START MATERIAL PROVIDED

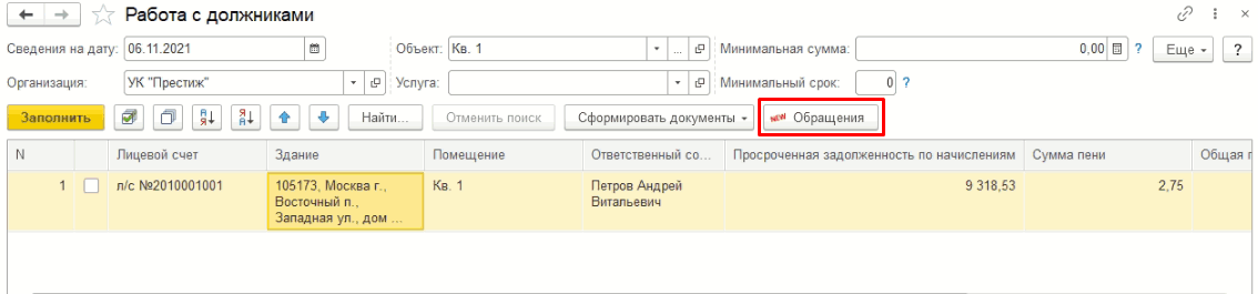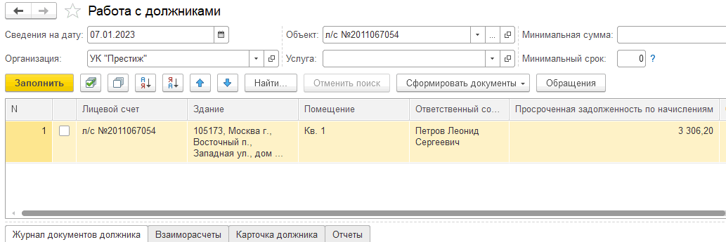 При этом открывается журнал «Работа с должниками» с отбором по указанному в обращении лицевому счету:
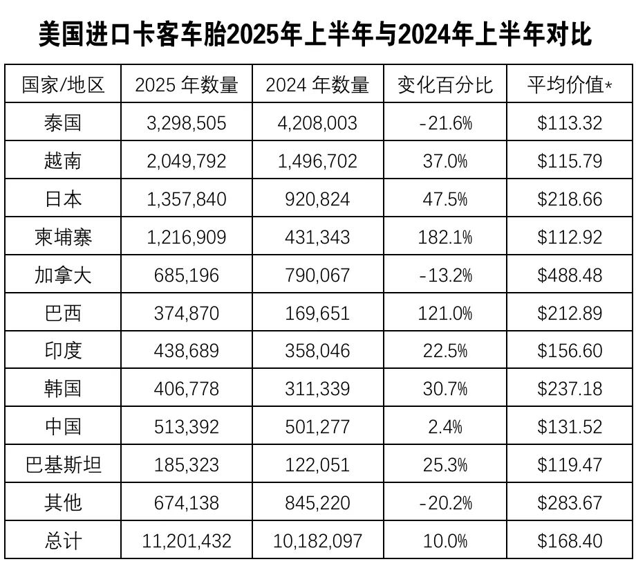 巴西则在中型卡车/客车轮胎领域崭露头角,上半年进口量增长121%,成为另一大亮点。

END MATERIAL PROVIDED
START MATERIAL PROVIDED

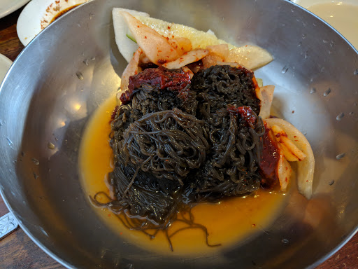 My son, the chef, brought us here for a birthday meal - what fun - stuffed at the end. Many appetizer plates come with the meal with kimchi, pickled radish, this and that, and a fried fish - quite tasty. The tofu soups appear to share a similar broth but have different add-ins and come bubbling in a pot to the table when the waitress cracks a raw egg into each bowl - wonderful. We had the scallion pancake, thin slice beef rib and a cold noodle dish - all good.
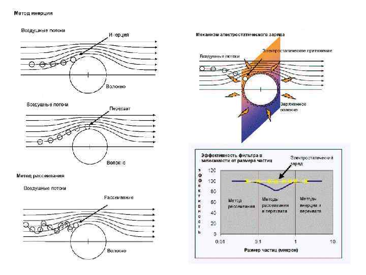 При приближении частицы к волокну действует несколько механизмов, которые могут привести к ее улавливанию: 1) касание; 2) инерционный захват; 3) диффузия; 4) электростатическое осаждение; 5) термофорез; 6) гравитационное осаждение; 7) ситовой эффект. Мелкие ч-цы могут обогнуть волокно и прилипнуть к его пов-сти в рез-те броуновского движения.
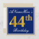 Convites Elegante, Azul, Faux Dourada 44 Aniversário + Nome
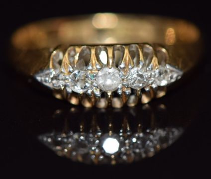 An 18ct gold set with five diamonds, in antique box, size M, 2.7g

END MATERIAL PROVIDED

• **EXERCISE PROMPT**
Please output, exactly as written, the lines above from the one holding "При приближении частицы" through the one holding "An 18ct gold", both included, with the pictures omitted.

• **PROBLEM SOLUTION**
 При приближении частицы к волокну действует несколько механизмов, которые могут привести к ее улавливанию: 1) касание; 2) инерционный захват; 3) диффузия; 4) электростатическое осаждение; 5) термофорез; 6) гравитационное осаждение; 7) ситовой эффект. Мелкие ч-цы могут обогнуть волокно и прилипнуть к его пов-сти в рез-те броуновского движения.
 Convites Elegante, Azul, Faux Dourada 44 Aniversário + Nome
 An 18ct gold set with five diamonds, in antique box, size M, 2.7g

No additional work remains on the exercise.